Adapt or Forget: Provable Tradeoffs Between Adam and SGD in Nonstationary Optimization
A 39-page paper proves Adam's instability is mathematically predictable—and when SGD beats it.
A new theoretical paper from Cornell researchers Sahu, Sarkar, Hogan, and Wells provides the first rigorous proof of when Adam outperforms vanilla SGD—and when it doesn't—in non-stationary optimization. The work, published on arXiv (2605.04269), separates two regimes: Euclidean tracking under adaptive strong monotonicity and high-probability projected stationarity under general L-smooth objectives. The authors decompose Adam's error into four sharp components: initialization, objective drift, first-moment tracking governed by β1, and preconditioner perturbation governed by β2. They characterize the burn-in time needed to reach Adam's irreducible tracking floor under constant and step-decay schedules, and prove a high-probability bound on the average projected stationarity gap under distribution shift.
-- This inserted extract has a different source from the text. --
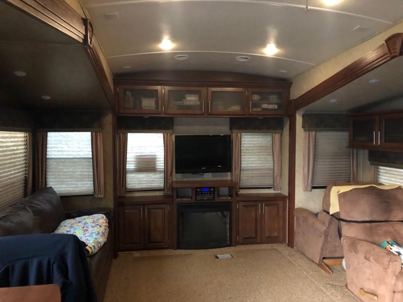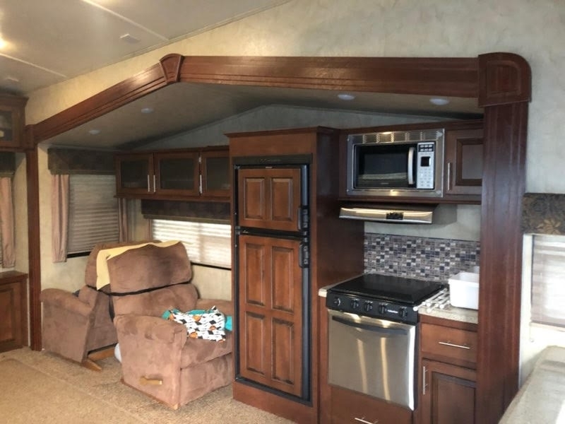 is 29 feet and comes equipped with a Queen Size Bed, has 3 Slide Outs and

Across both analyses, the bounds reveal a fundamental noise–drift tradeoff. In noise-dominated regimes, Adam's first-moment averaging and adaptive preconditioning improve high-probability error. However, in drift-dominated regimes—where the objective changes meaningfully over time—stale first-moment information and preconditioner perturbations compound the cost of nonstationarity, allowing vanilla SGD to achieve a smaller tracking floor. The explicit (β1, β2, ε)-dependent bounds provide a theoretical mechanism for Adam's well-known empirical instability and offer practical guidance: when data distributions shift rapidly, practitioners may want to increase β1 (forget faster) or switch to SGD entirely. The paper includes 11 figures and 1 table, with 39 pages of rigorous analysis.
- Adam's error decomposes into four components: initialization, drift, first-moment tracking (β1), and preconditioner perturbation (β2).
- Noise-dominated regimes favor Adam; drift-dominated regimes allow vanilla SGD to achieve a smaller tracking floor.
- Explicit (β1, β2, ε)-dependent bounds explain Adam's instability under distribution shift and guide hyperparameter tuning.
Why It Matters
Gives ML practitioners a principled rule for choosing optimizers when training data distributions shift over time.